Antiepileptic Therapy of Abrus cantoniensis: Evidence from Network Pharmacology

The present study explores the mechanism of antiepileptic treatment of Abrus cantoniensis through network pharmacology. During this process, several databases were recruited, e.g., the TCMSP database, HERB database, and SwissTargetPrediction database were used to retrieve the active components and targets of Abrus cantoniensis; GeneCards database and OMIM database were used to retrieve the targets of epilepsy. The targets of epilepsy and Abrus cantoniensis were subjected to target intersection in venny2.1, and protein interaction analysis of Abrus cantoniensis in the String database. We set the Cyto NCA plug-in condition as betweenness; selected the first 8 genes of betweenness as the core genes; performed the integrative bioinformatics of candidates by GO analysis and KEGG analysis. Moreover, AutoDockTools and AutoDockVina software were used to perform the molecular docking; Pymol was used to perform the docking visualization. We obtained three active components of Abrus cantoniensis, which are mainly related to β-sitosterol and stigmasterol; 92 intersection targets of epilepsy of Abrus cantoniensis, including 9 core targets such as AKT1, ESR1, MMP9, CES1, SRC, HIF1A, ABCB1, CASP3, and SNCA; 8 core targets were flavanone constituent proteins.

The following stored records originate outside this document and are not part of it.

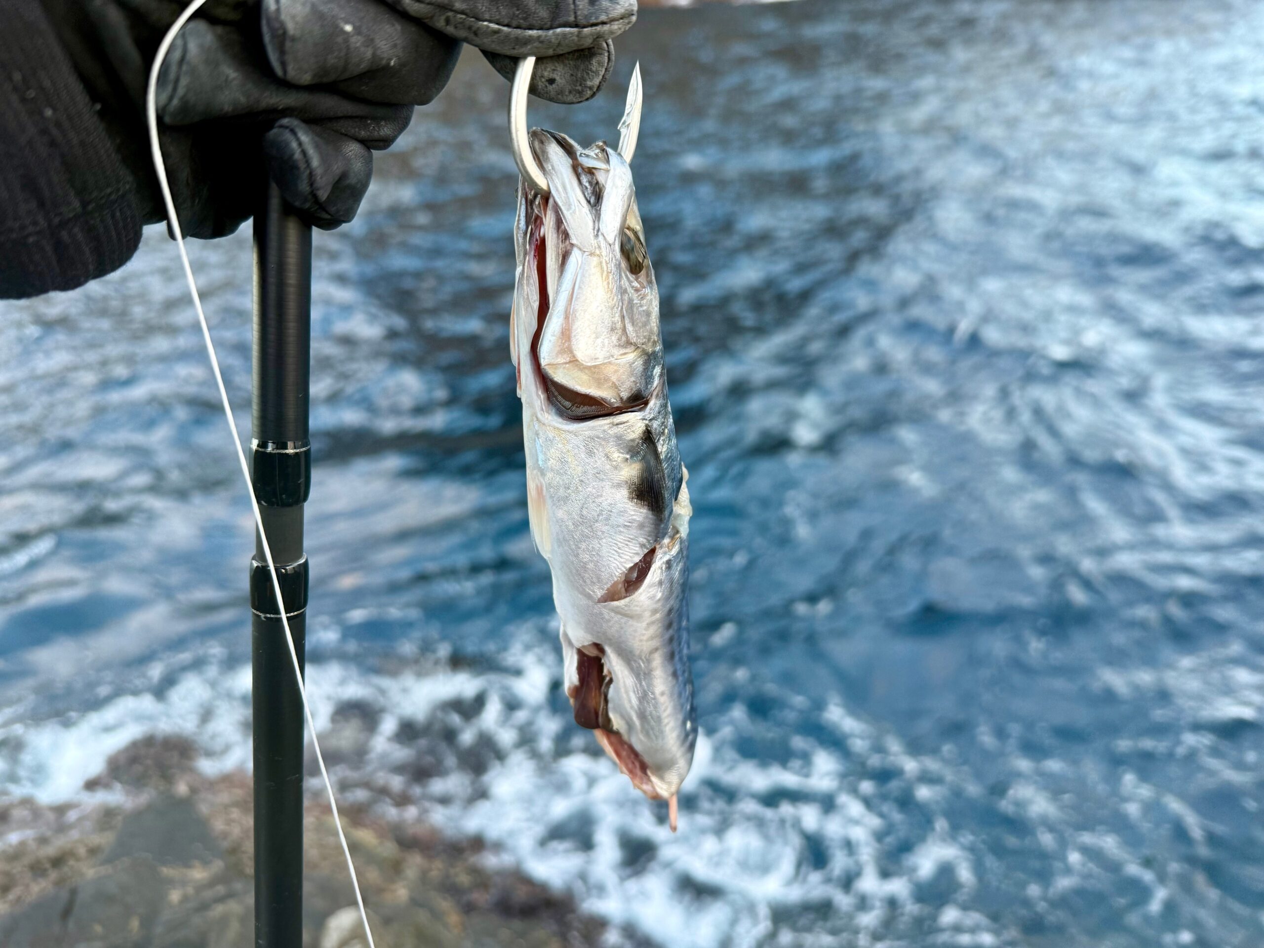 サバを流していると急にラインの放出が止まらなくなります。それが魚がきた合図なんですが、ここで即合わせするとバレます。餌の先端をかじって走っているだけというパターンも多いので、しっかり送り込み、ラインの放出スピードが加速したら合わせのチャンスです。結構送り込んだつもりでも飲み込むことは稀で、大概カンヌキにしっかりかかっています。
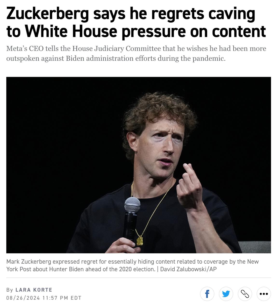 Цукерберг заявил, что его компания Meta подчинилась давлению администрации Байдена и подвергла цензуре контент в соцсетях
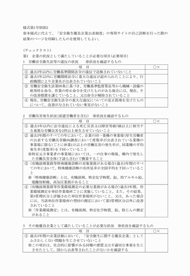 ア 安全衛生優良企業認定申請書(様式第1号)
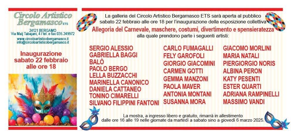 Il Carnevale, con il suo spirito di allegria e leggerezza, sarà il protagonista della nuova esposizione collettiva Allegoria del Carnevale che inaugura sabato 22 febbraio alle ore 18 presso la Galleria del Circolo Artistico Bergamasco. L'evento offrirà un'interpretazione artistica del Carnevale attraverso una selezione di opere realizzate da numerosi artisti, tra cui Sergio Alessio, Gabriella Baggio, Balò, Paolo Bergo, Lella Buzzacchi, Marinella Canonico, Daniela Cattaneo, Tonino Cimarelli, Silvano Filippini Fantoni, Carlo Fumagalli, Fely Garofoli, Giorgio Giacomini, Carmen Gotti, Gemma Manzoni, Paola Maver, Antonia Montani, Susanna Mora, Giacomo Morlini, Maria Natali, Piergiorgio Noris, Albina Peron, Katy Pesenti, Ester Quarti, Adriana Rampinelli, e Massimo Vandi.

Define p value less than 0.05; according to the screening principle, the first 20 GO pathways and KEGG pathways were selected. We found that Abrus cantoniensis was mainly connected with epilepsy through the neuroactive ligand-receptor interaction signaling pathway, the neurodegeneration pathway, and multiple disease signaling pathway; the docking between ESR1 and components is the most stable among the core targets. Besides, the binding energies of the core targets were all less than −5 kcal mol(−1). Taken together, the current research provides a new strategy for the antiepileptic treatment of Abrus cantoniensis.